GRIFTERS, THE, Eddie Jones, John Cusack, 1990

No joke (as if). In the WAPO but can’t link on my phone.

. . . Link

You couldn’t pay me enough to be on that plane.

Some highlights:

“[Rudy is] set to appear as a paid speaker at a Kremlin-backed conference in Armenia on Tuesday — an event expected to include the participation of Russian President Vladi­mir Putin and other top Russian officials…. According to an agenda for the event posted online, Giuliani is set to participate in a panel led by Sergey Glazyev, a longtime Putin adviser who has been under U.S. sanctions since Russia’s invasion of Ukraine five years ago. Giuliani’s decision to take part in the conference astounded national security experts.

The former New York mayor confirmed he will be paid for his appearance but declined to say how much he would receive or which group or person will foot the bill….

Current and former White House aides said there is internal exasperation with Giuliani’s behavior and the fact that he does not clear his media appearances or paid speeches with the administration…”

. . . Well that didn’t go over too well with his boss I guess. Apparently Putin doesn’t want this kind of publicity:

GIULIANI texts me, “Not going,” when asked about the Washington Post report about his planned appearance at a reportedly Kremlin-linked event for a speech.

— Maggie Haberman (@maggieNYT) September 27, 2019

My favorite part of this is how they had him on a panel that might as well have been entitled Paying Off a Political Asset With No Discernible Knowledge of the Putative Topic:

Earlier in the day, Giuliani is set to appear on a panel titled “Digital financial technologies — new opportunities for integrating payment systems of the Eurasian continent in transport logistics.”

. . . and in less time than it takes to find a lost shaker of salt, another massive grift is revealed:

President Trump met Friday with National Rifle Association (NRA) CEO Wayne LaPierre to discuss how the gun rights organization could possibly provide financial assistance to help defend the president as he faces a scandal, The New York Times reported Friday, citing two people familiar with the situation. 

An administration official confirmed to The Hill that Trump and LaPierre met, but did not say what they discussed.

The Times reported that it was not clear who initiated the meeting, but that in it, LaPierre requested that the White House “stop the games” on gun control legislation.

Following mass shootings earlier this year, Trump has floated various possible gun legislation measures. According to the Times, LaPierre has attempted to sway Trump against background check measures the president said he could support. 

Just in from the WSJ (h/t UNE):

“National Rifle Association funds paid for lodging and travel of Russian nationals throughout 2015 and 2016, as part of a relationship that allowed foreign actors looking to influence the U.S. election, including now-convicted Maria Butina, to infiltrate the gun-rights group, a new report asserts.

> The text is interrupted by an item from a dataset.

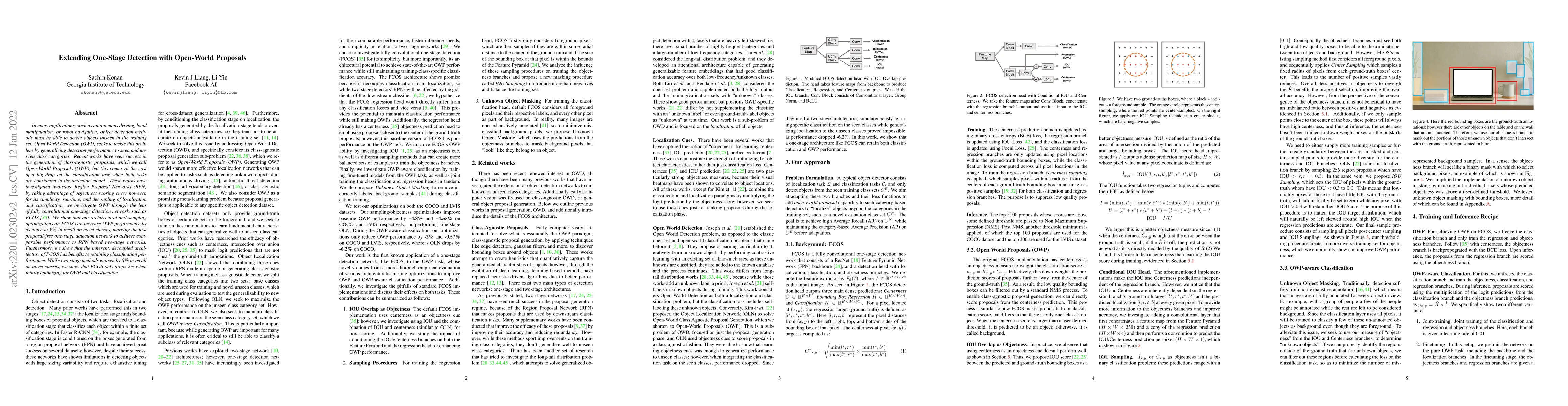 In many applications, such as autonomous driving, hand manipulation, or robot navigation, object detection methods must be able to detect objects unseen in the training set. Open World Detection(OWD) seeks to tackle this problem by generalizing detection performance to seen and unseen class categories. Recent works have seen success in the generation of class-agnostic proposals, which we call Open-World Proposals(OWP), but this comes at the cost of a big drop on the classification task when both tasks are considered in the detection model. These works have investigated two-stage Region Proposal Networks (RPN) by taking advantage of objectness scoring cues; however, for its simplicity, run-time, and decoupling of localization and classification, we investigate OWP through the lens of fully convolutional one-stage detection network, such as FCOS. We show that our architectural and sampling optimizations on FCOS can increase OWP performance by as much as 6% in recall on novel classes, marking the first proposal-free one-stage detection network to achieve comparable performance to RPN-based two-stage networks. Furthermore, we show that the inherent, decoupled architecture of FCOS has benefits to retaining classification performance. While two-stage methods worsen by 6% in recall on novel classes, we show that FCOS only drops 2% when jointly optimizing for OWP and classification.

The report, released Friday by Democrats on the Senate Finance Committee, also says NRA leaders traveled to Moscow in December 2015 partly on the NRA’s dime, even though some went there to pursue their own personal business opportunities. This raises questions, the report says, about whether they violated laws on how nonprofit funds can be used…

The Democrats’ report also documents a parallel effort by then-Russian Ambassador Sergey Kislyak to build relationships with NRA officers. It says the NRA delegation in Moscow met with more senior officials than previously known, including multiple oligarchs close to President Vladimir Putin, two sanctioned individuals, and a person Ms. Butina claimed was Mr. Putin’s campaign manager…

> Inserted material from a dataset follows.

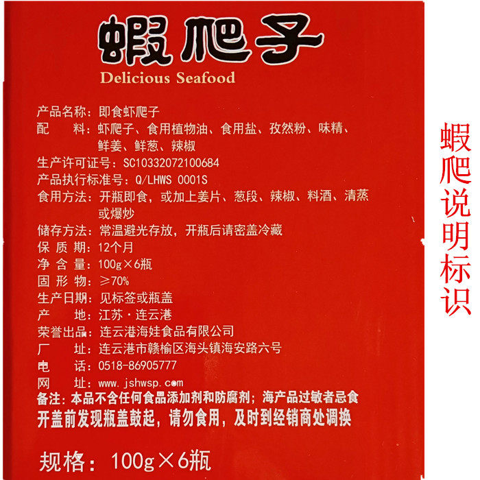 Jiangsu Lianyungang Special production of ready-to-eat sea products Shrimp Crawling peppers Salt Peel Shrimps Spicy 100g * 6 Bottle Gift Boxes

The Democrats’ report includes new details about the relationship between the NRA and the Russian nationals, pushing back on the gun group’s early assertions that it wasn’t working with them in an official way. The report documents formal communications with the Russian nationals and details how NRA funds ended up in a shell company set up by Ms. Butina to reimburse her for costs associated with the 2015 Moscow trip.”

And (h/t pigboy):

Russia on Friday urged the United States not to publish Donald Trump’s conversations with Vladimir Putin after a growing scandal led the White House to release a transcript from a call with Ukraine’s leader.

“As for transcripts of phone conversations, my mother when bringing me up said that reading other people’s letters is inappropriate,” Russian Foreign Minister Sergei Lavrov told reporters at the United Nations.

“It is indecent,” he said. “For two people elected by their nations to be at the helm, there are diplomatic manners that suppose a certain level of confidentiality.”

Lavrov, who met Friday with Secretary of State Mike Pompeo, criticized both US lawmakers and media for the release of the transcript.

“Being so vociferous in saying that if you don’t show a certain memo involving a partner, that you’re going to bring this administration to its knees, what kind of democracy is that? How can you work in such conditions?” he said.

Trump’s relationship with Putin has come under intense scrutiny.
The US leader has praised Putin and appeared to accept his denials of US intelligence’s finding that Russia meddled in the 2016 election to benefit Trump.

And (h/t Satanic Panic):

Kurt Volker, US special envoy to Ukraine, has resigned one day after the release of a whistleblower report alleging a coverup by the White House of a call between President Donald Trump and Ukraine’s President, three sources familiar with the matter confirmed to CNN.

Volker was named in the report. The State Department has not returned messages seeking comment.


The State Press, the school paper of Arizona State University, first reported Volker’s resignation.

And the hits just keep on coming:

White House efforts to limit access to President Donald Trump’s conversations with foreign leaders extended to phone calls with Saudi Crown Prince Mohammed bin Salman and Russian leader Vladimir Putin, according to people familiar with the matter.

Those calls — both with leaders who maintain controversial relationships with Trump — were among the presidential conversations that aides took remarkable steps to keep from becoming public.

In the case of Trump’s call with Prince Mohammed, officials who ordinarily would have been given access to a rough transcript of the conversation never saw one, according to one of the sources. Instead, a transcript was never circulated at all, which the source said was highly unusual, particularly after a high-profile conversation.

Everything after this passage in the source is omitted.